Огонь духа воспринимается душой. Это именно то, о чем скажет много позднее Владимир Лосский, говоря, что душа должна была питаться Духом.
«Мученики охотно шли на смерть оттого, что их сожигал внутренний огонь. Истинный ревнитель не законное только делает, но и совет, и всякое благое внушение, тайно печатаемое в душе; делает не представляющееся только, но бывает изобретателен на добро, весь в заботах об одном добре прочном, истинном, вечном.
"Везде потребно нам, говорит святой Иоанн Златоуст, усердие и много разжение души, готовое ополчиться против самой смерти; ибо иначе невозможно царствие получить"» (Там же, с. 12).
Разжение души огнем духа — вот самая суть православной аскезы. И это значит, что без понятия души этим путем не пройти. Я не буду рассказывать, что основными врагами христианина на деле оказываются помыслы и страсти. Это общеизвестно. И вытекает это из уже знакомого нам определения души, которое дает Феофан Затворник в этой работе. Сразу скажу, о душе он говорил гораздо больше и интереснее. Но в других сочинениях, и я об этом расскажу в следующей главе. Для нужд этого учебника аскезы, очевидно, было достаточно сказать:
«В душе встречаем три силы: ум, волю, сердце, или, как у святых отцов, силу рассудительную, вожделительную и раздражительную» (Там же, с. 258).
С каждой из этих сил или частей души делаются особые работы или упражнения, и давалась особая теория для всех этих упражнений.

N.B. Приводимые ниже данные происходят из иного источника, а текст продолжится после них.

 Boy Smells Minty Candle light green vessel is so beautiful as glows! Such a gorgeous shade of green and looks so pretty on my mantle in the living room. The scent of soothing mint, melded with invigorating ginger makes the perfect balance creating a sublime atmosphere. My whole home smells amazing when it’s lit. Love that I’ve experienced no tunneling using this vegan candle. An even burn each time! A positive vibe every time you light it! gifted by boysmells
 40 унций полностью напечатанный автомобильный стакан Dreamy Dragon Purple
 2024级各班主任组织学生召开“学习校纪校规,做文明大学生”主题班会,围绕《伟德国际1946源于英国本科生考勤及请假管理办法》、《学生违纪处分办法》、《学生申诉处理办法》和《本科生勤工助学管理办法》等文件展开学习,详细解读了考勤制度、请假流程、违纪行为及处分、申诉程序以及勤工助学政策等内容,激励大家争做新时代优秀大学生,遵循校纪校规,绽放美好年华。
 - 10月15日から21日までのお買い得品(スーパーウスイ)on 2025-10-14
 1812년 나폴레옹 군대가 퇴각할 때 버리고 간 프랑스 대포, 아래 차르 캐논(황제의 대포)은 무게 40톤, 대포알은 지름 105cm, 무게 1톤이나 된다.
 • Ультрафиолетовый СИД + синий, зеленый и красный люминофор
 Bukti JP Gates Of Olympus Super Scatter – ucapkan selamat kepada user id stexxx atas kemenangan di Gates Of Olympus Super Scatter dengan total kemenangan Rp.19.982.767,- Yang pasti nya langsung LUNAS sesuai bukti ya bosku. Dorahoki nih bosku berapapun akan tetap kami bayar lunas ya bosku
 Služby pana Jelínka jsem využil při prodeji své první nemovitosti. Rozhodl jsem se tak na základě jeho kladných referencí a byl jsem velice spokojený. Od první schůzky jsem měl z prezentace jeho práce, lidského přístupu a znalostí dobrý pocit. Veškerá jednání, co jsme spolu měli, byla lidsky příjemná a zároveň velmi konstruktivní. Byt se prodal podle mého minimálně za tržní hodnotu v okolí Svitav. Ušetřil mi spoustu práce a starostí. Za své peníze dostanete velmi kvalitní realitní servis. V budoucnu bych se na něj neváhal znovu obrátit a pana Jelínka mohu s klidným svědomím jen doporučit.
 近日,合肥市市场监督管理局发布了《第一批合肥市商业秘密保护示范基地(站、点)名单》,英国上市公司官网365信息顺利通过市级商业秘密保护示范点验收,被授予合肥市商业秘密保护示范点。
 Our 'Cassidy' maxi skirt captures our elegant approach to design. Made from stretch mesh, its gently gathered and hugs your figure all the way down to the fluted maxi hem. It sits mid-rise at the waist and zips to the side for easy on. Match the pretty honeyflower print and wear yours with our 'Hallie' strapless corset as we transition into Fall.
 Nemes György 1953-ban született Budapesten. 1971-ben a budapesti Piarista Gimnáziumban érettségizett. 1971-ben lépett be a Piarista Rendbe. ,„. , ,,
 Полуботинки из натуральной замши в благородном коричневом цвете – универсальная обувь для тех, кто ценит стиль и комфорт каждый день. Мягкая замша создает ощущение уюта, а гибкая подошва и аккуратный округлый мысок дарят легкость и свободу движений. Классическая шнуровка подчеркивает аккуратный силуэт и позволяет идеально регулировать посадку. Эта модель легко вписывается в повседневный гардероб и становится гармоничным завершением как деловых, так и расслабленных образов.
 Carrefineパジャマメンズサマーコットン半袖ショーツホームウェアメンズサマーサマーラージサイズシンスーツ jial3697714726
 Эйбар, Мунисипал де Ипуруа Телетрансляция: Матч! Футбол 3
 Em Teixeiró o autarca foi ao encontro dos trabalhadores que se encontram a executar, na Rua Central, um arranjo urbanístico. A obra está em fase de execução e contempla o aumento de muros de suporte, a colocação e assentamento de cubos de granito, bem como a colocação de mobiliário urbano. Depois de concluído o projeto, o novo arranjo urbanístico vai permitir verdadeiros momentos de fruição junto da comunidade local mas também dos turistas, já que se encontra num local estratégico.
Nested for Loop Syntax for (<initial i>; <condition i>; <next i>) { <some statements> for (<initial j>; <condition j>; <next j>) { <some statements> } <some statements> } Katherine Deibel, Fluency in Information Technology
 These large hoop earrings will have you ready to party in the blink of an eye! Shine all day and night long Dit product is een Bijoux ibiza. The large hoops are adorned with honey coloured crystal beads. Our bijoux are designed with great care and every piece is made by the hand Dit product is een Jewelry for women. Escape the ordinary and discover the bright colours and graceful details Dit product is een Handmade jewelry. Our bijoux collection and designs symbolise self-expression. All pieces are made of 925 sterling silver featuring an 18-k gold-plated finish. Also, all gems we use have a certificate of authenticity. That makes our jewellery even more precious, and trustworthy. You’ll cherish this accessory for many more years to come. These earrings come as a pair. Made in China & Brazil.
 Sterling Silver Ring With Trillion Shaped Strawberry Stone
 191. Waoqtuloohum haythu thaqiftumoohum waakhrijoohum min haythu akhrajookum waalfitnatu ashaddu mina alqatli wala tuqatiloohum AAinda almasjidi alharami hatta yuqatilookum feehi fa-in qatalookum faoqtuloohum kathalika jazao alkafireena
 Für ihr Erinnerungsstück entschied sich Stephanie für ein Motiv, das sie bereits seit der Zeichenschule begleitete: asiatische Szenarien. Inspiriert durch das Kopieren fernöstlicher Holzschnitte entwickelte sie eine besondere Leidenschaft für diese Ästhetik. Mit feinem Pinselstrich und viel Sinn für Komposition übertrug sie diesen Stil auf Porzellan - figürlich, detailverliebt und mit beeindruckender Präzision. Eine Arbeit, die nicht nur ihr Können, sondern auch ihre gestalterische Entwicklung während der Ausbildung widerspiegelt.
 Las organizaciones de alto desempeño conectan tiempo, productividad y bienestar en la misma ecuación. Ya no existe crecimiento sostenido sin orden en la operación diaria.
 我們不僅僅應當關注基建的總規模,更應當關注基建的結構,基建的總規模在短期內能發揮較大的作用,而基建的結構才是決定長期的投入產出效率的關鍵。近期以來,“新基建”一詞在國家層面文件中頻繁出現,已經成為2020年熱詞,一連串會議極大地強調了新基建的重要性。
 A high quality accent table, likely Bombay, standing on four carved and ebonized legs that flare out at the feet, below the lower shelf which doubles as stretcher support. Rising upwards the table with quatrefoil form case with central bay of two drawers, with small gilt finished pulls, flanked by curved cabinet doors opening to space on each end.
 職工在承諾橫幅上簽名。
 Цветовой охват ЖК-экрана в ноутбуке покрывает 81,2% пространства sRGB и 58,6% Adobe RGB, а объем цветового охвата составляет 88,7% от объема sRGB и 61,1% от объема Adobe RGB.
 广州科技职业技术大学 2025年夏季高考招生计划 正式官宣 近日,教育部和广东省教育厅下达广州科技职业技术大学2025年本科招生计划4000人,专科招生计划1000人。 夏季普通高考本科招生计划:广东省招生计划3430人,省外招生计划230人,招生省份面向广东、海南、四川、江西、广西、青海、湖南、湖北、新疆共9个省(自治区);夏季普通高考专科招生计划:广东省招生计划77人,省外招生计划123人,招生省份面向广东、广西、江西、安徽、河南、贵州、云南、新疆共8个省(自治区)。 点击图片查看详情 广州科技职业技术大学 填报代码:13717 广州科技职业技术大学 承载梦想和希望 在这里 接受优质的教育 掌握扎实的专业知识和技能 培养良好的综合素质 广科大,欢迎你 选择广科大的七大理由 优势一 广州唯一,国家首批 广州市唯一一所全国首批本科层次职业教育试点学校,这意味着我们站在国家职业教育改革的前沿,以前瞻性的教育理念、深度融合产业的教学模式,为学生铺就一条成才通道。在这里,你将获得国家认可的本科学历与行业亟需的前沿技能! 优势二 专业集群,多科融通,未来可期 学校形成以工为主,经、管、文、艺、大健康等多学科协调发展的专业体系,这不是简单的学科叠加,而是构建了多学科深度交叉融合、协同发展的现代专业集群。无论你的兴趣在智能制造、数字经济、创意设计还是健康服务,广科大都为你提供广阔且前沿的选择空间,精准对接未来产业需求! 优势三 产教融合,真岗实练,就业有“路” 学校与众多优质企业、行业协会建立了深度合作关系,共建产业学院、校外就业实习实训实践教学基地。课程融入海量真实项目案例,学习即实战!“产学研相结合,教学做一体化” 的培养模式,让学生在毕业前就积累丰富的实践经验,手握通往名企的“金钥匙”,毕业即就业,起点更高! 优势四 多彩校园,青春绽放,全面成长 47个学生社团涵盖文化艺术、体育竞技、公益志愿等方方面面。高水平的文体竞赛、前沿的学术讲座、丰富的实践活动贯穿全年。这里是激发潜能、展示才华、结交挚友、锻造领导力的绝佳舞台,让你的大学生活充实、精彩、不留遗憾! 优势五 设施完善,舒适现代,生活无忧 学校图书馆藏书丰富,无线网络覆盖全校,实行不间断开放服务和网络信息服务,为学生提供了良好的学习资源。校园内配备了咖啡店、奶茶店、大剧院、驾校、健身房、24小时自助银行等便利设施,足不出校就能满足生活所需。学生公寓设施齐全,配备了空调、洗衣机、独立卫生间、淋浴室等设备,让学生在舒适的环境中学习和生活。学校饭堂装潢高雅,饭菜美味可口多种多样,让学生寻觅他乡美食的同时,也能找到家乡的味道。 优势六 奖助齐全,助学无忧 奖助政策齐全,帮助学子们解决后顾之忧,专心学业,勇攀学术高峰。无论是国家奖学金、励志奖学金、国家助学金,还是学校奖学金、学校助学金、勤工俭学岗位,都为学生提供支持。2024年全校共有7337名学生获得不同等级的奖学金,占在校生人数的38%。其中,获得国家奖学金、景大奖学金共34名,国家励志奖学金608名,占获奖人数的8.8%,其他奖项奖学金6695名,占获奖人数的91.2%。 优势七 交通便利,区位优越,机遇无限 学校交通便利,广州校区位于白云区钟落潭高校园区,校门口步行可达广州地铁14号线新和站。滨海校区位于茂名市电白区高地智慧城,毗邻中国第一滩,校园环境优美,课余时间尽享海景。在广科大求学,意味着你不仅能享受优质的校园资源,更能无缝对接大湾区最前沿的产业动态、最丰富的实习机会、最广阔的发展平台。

Но я все это опущу. В предыдущей главе, рассказывая об учебнике аскетики епископа Варнавы, я говорил о том, что от учебника нельзя требовать особой глубины, — его задача излагать учение обобщенно, чтобы оно объясняло все встречающиеся взгляды. В этом сила общих учебников и их слабость: без углублений в отдельные вопросы учебники оказываются почти бесполезными.
Вот и появилась возможность показать, как пишущий учебник сам углубляет и разворачивает то, что в учебнике звучит сухо и не слишком внятно.
Глава 2. Что есть духовная жизнь
Феофан Затворник углубленно рассказывает о том, что такое душа, во многих своих работах. Но подробнее всего он это делает в письмах, изданных в 1878 году иноками Афонского Пантелеймонова монастыря под названием «Что есть духовная жизнь и как на нее настроиться?».
В каком-то смысле это сочинение может считаться начальным учебником душеведения. Во всяком случае, в нем изложены даже некоторые методические подходы к тому, как познавать душу. Вот что пишет Феофан начинающему свое познание.
«Вы входили внутрь: войдемте туда снова. Смотрите, какое там множество и разнообразие действий и движений! То одно, то другое, то входит, то выходит, то принимается, то отвергается, делается и переделывается. Ибо душа приснодвижна и на одном стоять не в силах.
Если мы станем смотреть в душу сообща, то ничего не разберем — надо действия ее распределить по родам и каждый род потом рассматривать особо. Да уж давно присмотрелись и распределили все действия души на три разряда— мыслей, желаний и чувств, назвав каждый особою стороною души — мыслительною, желательною и чувствующею. Возьмем это разделение и начнем обозревать каждую сторону» (Феофан. Что есть, с. 19).